The researchers and clinicians need to focus on managing scientific data and patients,
not managing storage.
Predictable
Along with raw scaling of capacity, balancing of the content across the new nodes needs
to be predictable for an NGS workflow, due to its sustained throughput requirement.
Since the instrument end keeps changing with newer technologies faster than the HPC
or storage, this balancing and scale become invaluable. Dynamic content balancing
is performed as nodes are added or data capacity changes. There is no added
management time for the administrator, or increased complexity within the storage
system. The storage reporting application, InsightIQ™, can be used to plan the growth
of a system from storage statistics both for infrastructure and for budgeting.
Efficient
Operational Expenditure (OPEX) hinges upon efficiency, specifically in NGS, since the
total storage can run into petabytes.
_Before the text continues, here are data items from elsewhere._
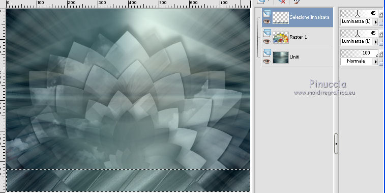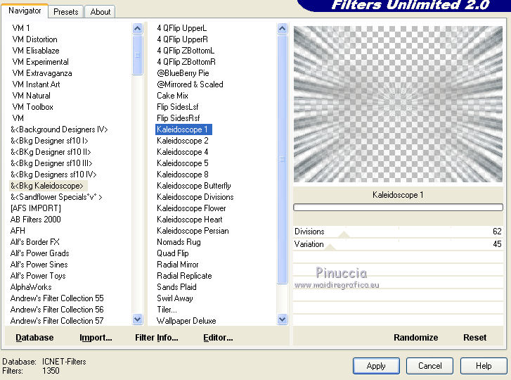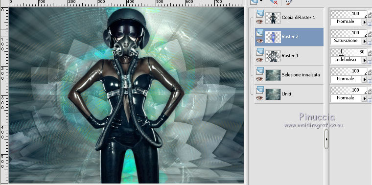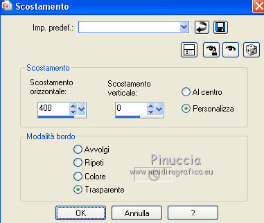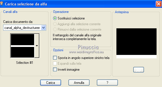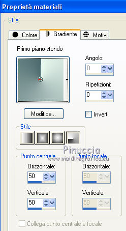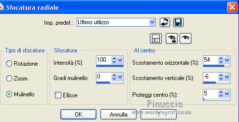 qui puoi trovare qualche risposta ai tuoi dubbi. Se l'argomento che ti interessa non è presente, ti prego di segnalarmelo. Questo tutorial è stato creato da Libellule con X12, ma può essere eseguito con tutte le versioni di PSP Dalla versione X4, il comando Immagine>Rifletti è stato sostituito con Immagine>Capovolgi in orizzontale, e il comando Immagine>Capovolgi con Immagine>Capovolgi in verticale. Nelle versioni X5 e X6, le funzioni sono state migliorate rendendo disponibile il menu Oggetti. Con la nuova versione X7, sono tornati i comandi Rifletti e Capovolgi, ma con nuove differenze. Vedi la scheda sull'argomento qui Per tradurre questo tutorial ho usato PSP X. Occorrente. Materiale qui Filtri in caso di dubbi, ricorda di consultare la mia sezione filtri qui Filters Unlimited 2.0 qui &<Bkg Kaleidoscope> - Kaleidoscope 8 (da importare in Unlimited) qui Simple - Diamonds - Top Left Mirror qui AAA Frames - Texture Frame qui FM Tile Tools - Blend Emboss qui Graphics Plus - Cross Shadow qui Alien Skin Eye Candy 5 Impact - Perspective Shadow qui I filtri Simple e Graphics Plus si possono usare da soli o importati in Filters Unlimited (come fare vedi qui) Se un filtro fornito appare con questa icona ![]() Nelle ultime versioni di PSP non ci sono tutti i gradienti delle versioni precedenti, tra i quelli quello di primo piano/sfondo (Corel_06_029) Trovi i gradienti delle versioni precedenti qui Metti il preset Emboss 3 nella cartella Impostazioni predefinite. 1. Imposta il colore di primo piano con #ebfbf1, e il colore di sfondo con #4c696d. ![]() Passa il colore di primo piano a Gradiente di primo piano/sfondo (Corel_06_029), stile Radiale. ![]() Apri canal_alpha_destructuree.pspimages. Finestra>Duplica, o sulla tastiera maiuscolo+D per fare una copia. ![]() Chiudi l'originale. La copia, che sarà la base del tuo lavoro, non è vuota, ma contiene le selezioni salvate sul canale alfa. Riempi l'immagine trasparente con il gradiente.3. Regola>Sfocatura>Sfocatura gaussiana - raggio 40. ![]() 4. Livelli>Nuovo livello raster. Selezione>Seleziona tutto. 5. Apri il tube libellulegraphisme_cover_heavy_rubber_by_ophelia_overdose.png, cancella il watermark, e vai a Modifica>Copia. non chiudere il tube. Ti servirà ancora Torna al tuo lavoro e vai a Modifica>Incolla nella selezione. Se usi un altro tube l'effetto sarà leggermente differente, ma è normale. É qui l'interessante. Selezione>Deseleziona. 6. Regola>Sfocatura>Sfocatura radiale. ![]() 7. Effetti>Effetti di immagine>Scostamento. ![]() 8. Livelli>Duplica. Immagine>Rifletti. Livelli>Unisci>Unisci giù. 9. Di nuovo Livelli>Duplica. Effetti>Plugins>Filters Unlimited 2.0 - &<Bkg Kaleidoscope> - Kaleidoscope 1. ![]() 10. Cambia la modalità di miscelatura di questo livello in Rafforza e abbassa l'opacità al 30%. ![]() 11. Effetti>Effetto definito dall'utente, seleziona il preset Emboss 3 e ok. ![]() 12. Livelli>Unisci>Unisci visibile. 13. Livelli>Duplica. Effetti>Effetti di immagine>Motivo unico, con i settaggi standard. ![]() 14. Cambia la modalità di miscelatura di questo livello in Luce diffusa, e abbassa l'opacità al 30%. ![]() 15. Livelli>Unisci>Unisci visibile. 16. Apri il tube di Logane logane_forme2_20decembre2011.pspimage, e vai a Modifica>Copia. Torna al tuo lavoro e vai a Modifica>Incolla come nuovo livello. Non spostarlo. 17. Cambia la modalità di miscelatura di questo livello in Luminanza (esistente), e abbassa l'opacità al 45%. ![]() 18. Effetti>Effetti 3D>Sfalsa ombra. ![]() Ripeti l'Effetto Sfalsa ombra, cambiando verticale e orizzontale con 0/-22. ![]() 19. Attiva il livello di sfondo (Uniti). Selezione>Carica/Salva selezione>Carica selezione da canale alfa. La selezione sélection#1 è subito disponibile. Devi soltanto cliccare Carica. ![]() 20. Selezione>Innalza selezione a livello. Livelli>Disponi>Porta in alto. Mantieni selezionato. 22. Effetti>Plugins>AAA Frames - Texture Frame. ![]() 23. Mantieni ancora selezionato. Effetti>Plugins>Graphics Plus - Cross Shadow, con i settaggi standard. ![]() 24. Effetti>Plugins>Simple - Diamonds. Modifica>Ripeti Diamonds. 25. Cambia la modalità di miscelatura di questo livello in Luminanza (esistente), e abbassa l'opacità al 45%. ![]() 26. Mantieni sempre selezionato. Effetti>Plugins>FM Tile Tools - Blend Emboss, con i settaggi standard. ![]() Selezione>Deseleziona. 27. Attiva il livello di sfondo. Livelli>Nuovo livello raster. 28. Selezione>Carica/Salva selezione>Carica selezione da canale alfa. Apri il menu delle selezioni e carica sélection #2. ![]() Apri il tube destructure_libellule.png, e vai a Modifica>Copia. Torna al tuo lavoro e vai a Modifica>Incolla nella selezione. Selezione>Deseleziona. 29. Effetti>Effetti di distorsione>Increspa. ![]() 30. Abbassa l'opacità di questo livello al 30%. 31. Livelli>Duplica. Immagine>Rifletti. 32. Regola>Tonalità e saturazione>Viraggio. ![]() Attenzione, il viraggio va usato soltanto sul livello duplicato. 33. Effetti>Effetti di bordo>Aumenta. 34. Livelli>Unisci>Unisci visibile. 35. Selezione>Carica/Salva selezione>Carica selezione da canale alfa. Apri il menu delle selezioni e carica nuovamente sélection #2. ![]() 36. Selezione>Innalza selezione a livello. 37. Selezione>Modifica>Contrai - 20 pixels. ![]() 38. Effetti>Plugins>Alien Skin Eye Candy 5 Impact - Perspective Shadow Seleziona il preset Reflect in Front-Sharp e ok. ![]() Selezione>Deseleziona. 39. Attiva nuovamente il tube libellulegraphisme_cover_heavy_rubber_by_ophelia_overdose.png e vai a Modifica>Copia. Torna al tuo lavoro e vai a Modifica>Incolla come nuovo livello. 40. Immagine>Ridimensiona, al 70%, tutti i livelli non selezionato. Posiziona il tube al centro.![]() 41. Regola>Messa a fuoco>Messa a fuoco passaggio alto. ![]() Secondo il tuo tube, potrebbe essere necessario adattare i settaggi. 42. Livelli>Duplica. Attiva il livello sottostante dell'originale (Raster 1). 43. Effetti>Plugins>Filters Unlimited 2.0 - VM Distortion - Broken Miror. ![]() 44. Cambia la modalità
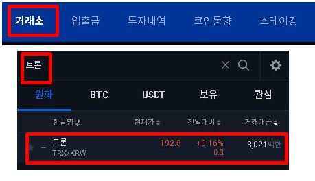 1.상단의 거래소 탭을 클릭후 원화 마켓이니까 한글로 트론을 검색하고 트론 거래 페이이지로 이동합니다.
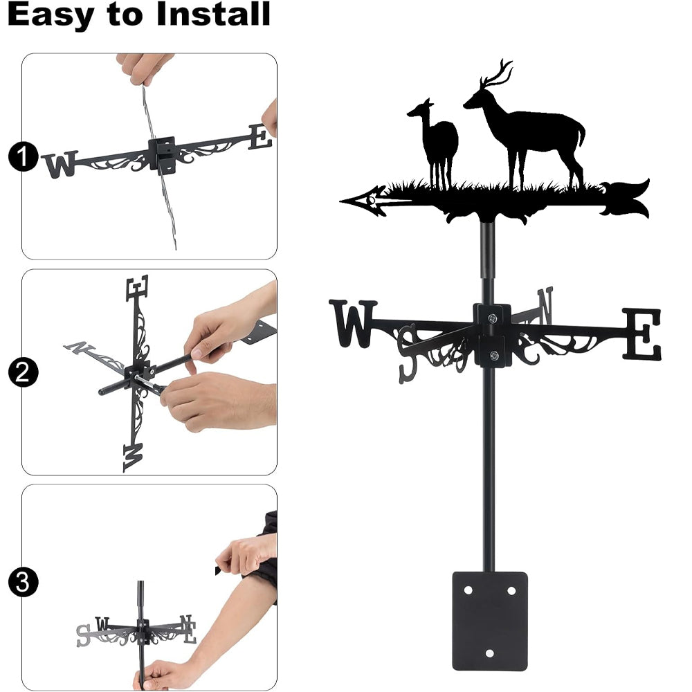 💕Creative design: This Weathervane is made of high-quality Stainless Steel. With stylish straight lines and satin black finishes. This anti-rust iron weather vane is decorated with exquisite patterns.

A recent survey conducted by Scripps Institute
concluded that more than 35 percent of institutions today are at petabyte scale in
NGS with a 10 percent year-over-year growth.
Isilon scale-out NAS offers an 80 percent efficiency ratio and “smart pooling” of the
data across multiple tiers, making dynamic, rule-based data transfer between storage
pools an integral piece of the NGS process. This efficiency is at the application level
and tiered by the performance types:
• S-Series node for high performance (I/O per second)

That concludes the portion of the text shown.